Das Mädchen im blauen Mantel
Max Seeck ist aktuell der erfolgreichste Thriller-Autor Finnlands. Zu Recht. Mich hat ‚Waiseninsel‘ von der ersten bis zur letzten Seite gefesselt.

Es ist bereits der 4. Band um die Kommissarin Jessica Niemi. Ich kannte die Vorgängerbände nicht, bin aber gut in die Geschichte gekommen. Man kann also auch ohne Vorkenntnisse in die Reihe einsteigen. Trotzdem werde ich mir die Bände 1-3 noch besorgen. Ich will mehr über die Kommissarin Jessica Niemi erfahren.

Bereits der Prolog wirft viele Fragen auf und erzeugt Spannung. Der Wachmann Martin erhält mitten in der Nach einen mysteriösen Anruf.

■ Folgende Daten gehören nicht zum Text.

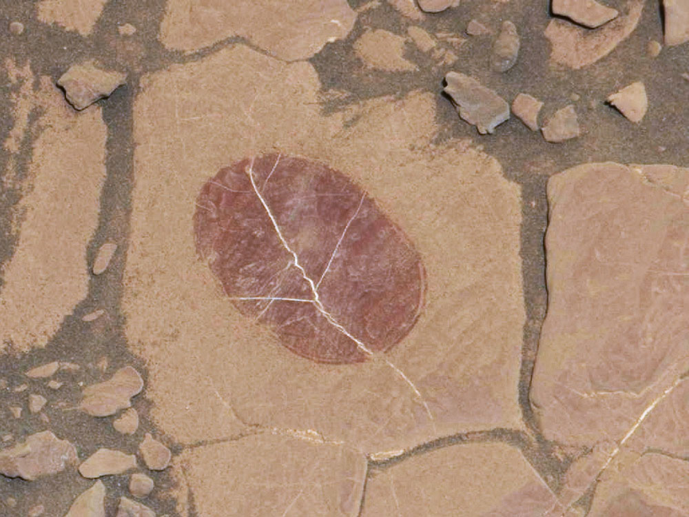 En una parte de "Vera Rubin Ridge" donde investigadores del equipo rover intentaron determinar si los recubrimientos de polvo ocultan el contenido de hematita de las rocas (un mineral compuesto de óxido ferroso), la cámara Mast (Mastcam) del robot de la NASA Curiosity Mars tomó esta imagen de una superficie rocosa cepillada con una herramienta de eliminación de polvo del rover en noviembre de 2017.

Die Kommissarin Jessica Niemi leidet unter psychischen Problemen und wird in einer Auseinandersetzung handgreiflich. Der Vorfall wird von einem Beobachter gefilmt und das Video geht viral. Jessica wird vorläufig beurlaubt. Sie sucht Abstand auf einer zwischen Finnland und Schweden gelegenen Insel. Im Gasthof von Astrid und Åke begegnet sie einer Gruppe älterer Gäste die sich „die Zugvögel“ nennen und die sich jährlich hier treffen. Sie alle sind ehemalige Kinder des Waisenhauses der Insel. Um das Waisenhaus rankt sich eine Legende vom geheimnisvollen Mädchen im blauen Mantel, das noch heute von Leuten gesehen wird. Und dann wird eine der Alten tot aufgefunden. Und sie ist bereits das dritte Opfer, das auf diese Weise ums Leben kam.

Max Seeck versteht es perfekt einen dichten Spannungsbogen aufzubauen, der den Leser bis zum Ende fesselt. Sein Schreibstil ist leicht und flüssig zu lesen. Die Protagonisten sind authentisch gezeichnet. Jessica Niemi mochte ich sehr, trotz ihrer Zerrissenheit. Viele Charaktere empfand ich als äußerst interessant. Besonders Astrid und Åke übten auf mich eine besondere Faszination aus. Astrid, die ehemalige Ärztin und Åke, der Philosophiedozent und Liebhaber von Seneca.

Das Ende hat mich überrascht, aber es ist durchaus schlüssig. Und so soll es auch sein. Ein gelungener Krimi, mit zum Teil unheimlicher Atmosphäre und großer Sogwirkung. Temporeich und spannend.